Good news if you were hoping to go to the Garden Party in Wellington – after the alert level move it is going ahead as planned. Presented by Verb and The Spinoff at the Botanic Gardens, there’ll be heaps of great chats, music and more. Check out our highlights post here. And on Saturday night join us for music and a drink and a few surprises at the Garden Party After Party. More info and tickets here.
Got some feedback about The Bulletin, or anything in the news? Drop us a line at email@example.com
Right now on The Spinoff: Claire Breen writes about the children at the heart of the diplomatic row between Australia and New Zealand over the accused terrorist. Leonie Hayden outlines some deep and complicated thoughts on Pākehā people learning te reo Māori. Former corrections worker Chloe Blades reviews the new Jared Savage book Gangland. Experts on employment predict how Covid-19 will change the way we work and impact jobs in the future. Janaye Henry on video stage manages the latest Covid-19 press conference. And Tara Ward reports some massive news from the world of reality TV – the new Bachelor will be Sol3 Mio singer Moses Mackay.
For a feature today, a fairly damning piece about the convergence of the US defence industry and foreign policy. Responsible Statecraft reports that a Congressional study group has recommended that new president Joe Biden extend the deadline for withdrawing troops from Afghanistan – the longest war in the country’s history. But the report also points out that a huge share of members of that study group have current or former financial ties with the defence industry.
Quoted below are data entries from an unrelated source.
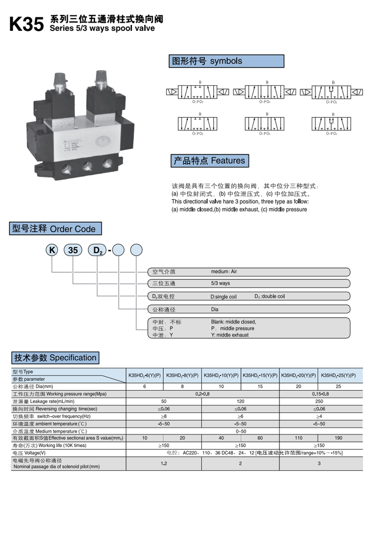 電控/氣控換向閥 K35D系列 三位五通,可提供定制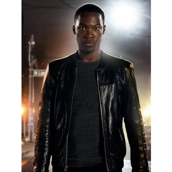 Step into action with the same fearless style as Eric Carter from 24: Legacy, portrayed by Corey Hawkins. This black leather jacket blends tactical edge with everyday versatility. Made from genuine leather and featuring a ribbed hemline and collar, it’s perfect for fans of bold characters and clean, modern fashion.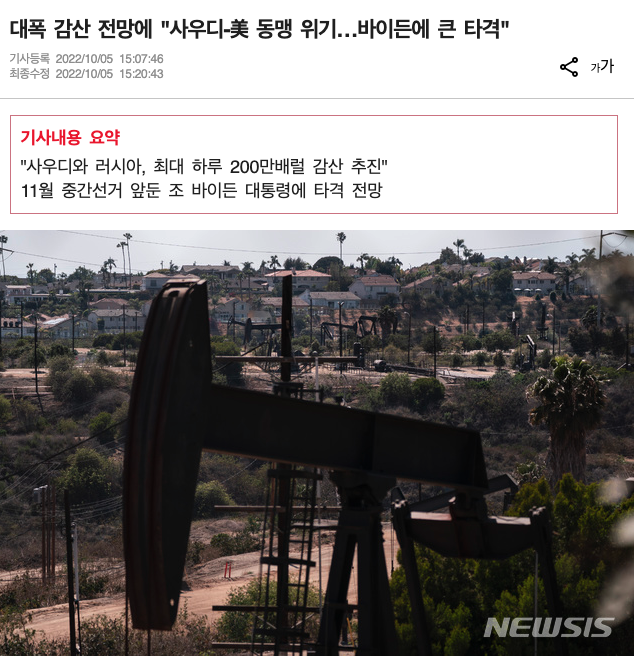 바이든은 이에 대해 우려된다는 반응, 비축유를 계속 방출한다는 입장이지만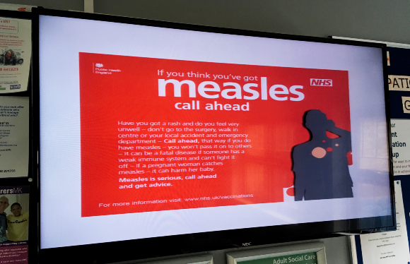במערב אירופה בריטניה היא המוקד המדאיג. אזהרה למטופלים מפני חצבת במרפאה ציבורית בלונדון, 2018 | צילום: David Cardinez, Shutterstock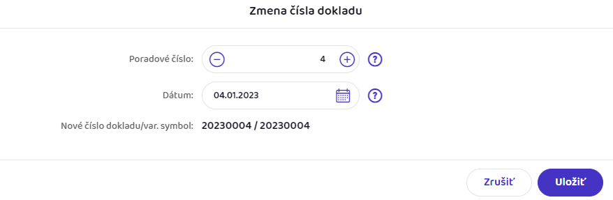 • Zmena čísla dokladu – po kliknutí na ikonu icon za názvom faktúry otvoríte okno, v ktorom upravíte poradové číslo a dátum vystavenia faktúry.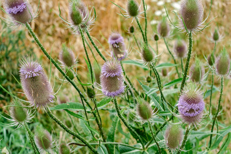 Carding thistles, dipsacus fullonum, in the field in late summer
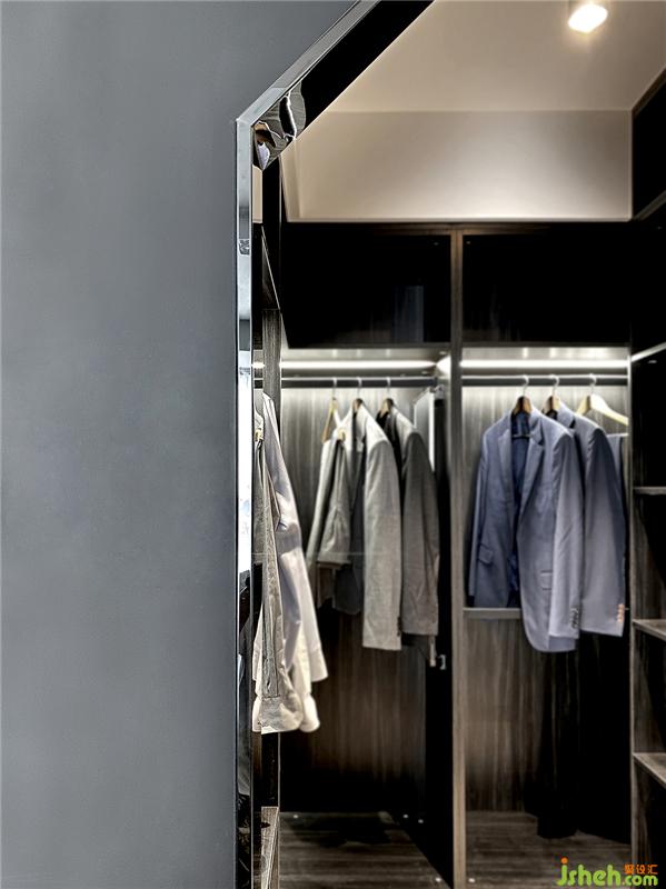 衣帽間與主衛(wèi)門的墻面涂刷了黑色墻漆,與黑色門套與啞口顏色整體統(tǒng)一。

Here’s an excerpt:
“This is a good example of the fox guarding the henhouse,” said Mandy Smithberger, director of the Center for Defense Information at the Project on Government Oversight. “One of the problems in our foreign policy making is that all of the advice is heavily dominated by people with financial stakes in continuing war.”
For example, Ret. Gen. Joseph F. Dunford was a co-chair of the Afghanistan Study Group. Dunford served as Chairman of the Joint Chiefs of Staff from 2015 to 2019, commandant of the Marine Corps, and Commander of all United States and NATO forces in Afghanistan in 2013.
He led the group alongside Kelly Ayotte, who represented New Hampshire in the Senate from 2011 to 2016, and Nancy Lindborg, the President and CEO of the David and Lucile Packard Foundation. Dunford and Ayotte have also used their expertise not just to advise the Biden administration on the Afghanistan War but to cash in with major defense contractors.
It seems almost tautological to say it at this point, but there’s more entitled brat behaviour going on with the America’s Cup. The latest round involves Challenger of Record Luna Rossa, who are insisting that racing restart on Friday despite Auckland still being at level two. That has caused serious tension with other teams, and the situation is well-covered in this opinion piece by Stuff’s David Long. He argues that Luna Rossa’s position ignores the country’s wider situation, and is an unsporting effort to take advantage of their current leading position.